Let $H$ be a non-seperable Hilbert space. Show that every compact operator $T: H \rightarrow H$ has non-separable kernel.
Since $T$ is compact them the image of the unity ball should have compact closure. This doesn't tell me anything about the kernel. Maybe I should assume the kernel is separable and prove somehow that the entire space is separable? I couldn't proceed from here.
Since $\ker T = \ker T^* T$ we may assume that $T$ is additionally self-adjoint. Hence we have $$T = \sum_{k=1}^\infty \lambda_k P_k$$ where $\{P_k\}$ are finite rank pairwise orthogonal projections. In particular, $\operatorname{Ran}T$ has a countable orthonormal basis which can be constructed using orthonormal bases for $\operatorname{Ran}P_k$ and so it follows that $\operatorname{Ran}T$ and hence $\overline{\operatorname{Ran}T}$ are separable. Since $$H = \ker T \oplus \overline{\operatorname{Ran}T}$$ this implies that $\ker T$ must be inseparable since a direct sum of separable spaces is separable.

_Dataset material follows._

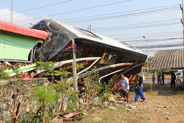 The double-decker bus was travelling from Bangkok to the Cambodian border at Aranyaprathet with 19 people aboard when it veered off the road and struck a house being used as the office of a construction firm at 8.40am, said Pol Lt Col Somchai Yura, a duty officer with the Watthana Nakhon police.
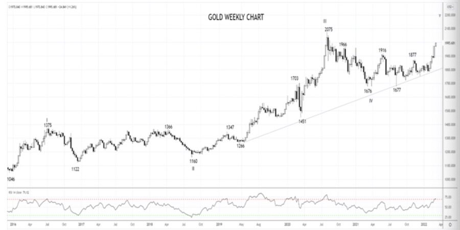 “我们预计金价将测试并突破2020年的高点2075美元,然后向2200美元移动,完成从2016年11月低点1046美元的五波上涨。”西卡摩尔表示。

To prove that the orthogonal projections $P_k$ in $T$'s spectral decomposition are finite-rank operators (part of the "spectral theorem"), you actually need to know that $\overline{\operatorname{ran}(T)}$ is separable. Here is another proof of this fact without using the spectral theorem.
If we assume the existence of a "compact normal operator $T$ on a Hilbert space $\mathcal{H}$", then automatically $\mathcal{H} = \operatorname{ker}(T) \oplus \overline{\operatorname{ran}(T)}$, where $T$ vanishes on $\operatorname{ker}(T)$, and $\overline{\operatorname{ran}(T)}$ is separable. Therefore we can reduce the proof of the spectral theorem to the case where $\mathcal{H}$ is separable.
(If anyone thinks this should rather be a comment: I'll be happy if you can my answer to the comments above, sorry I don't have enough reputation.)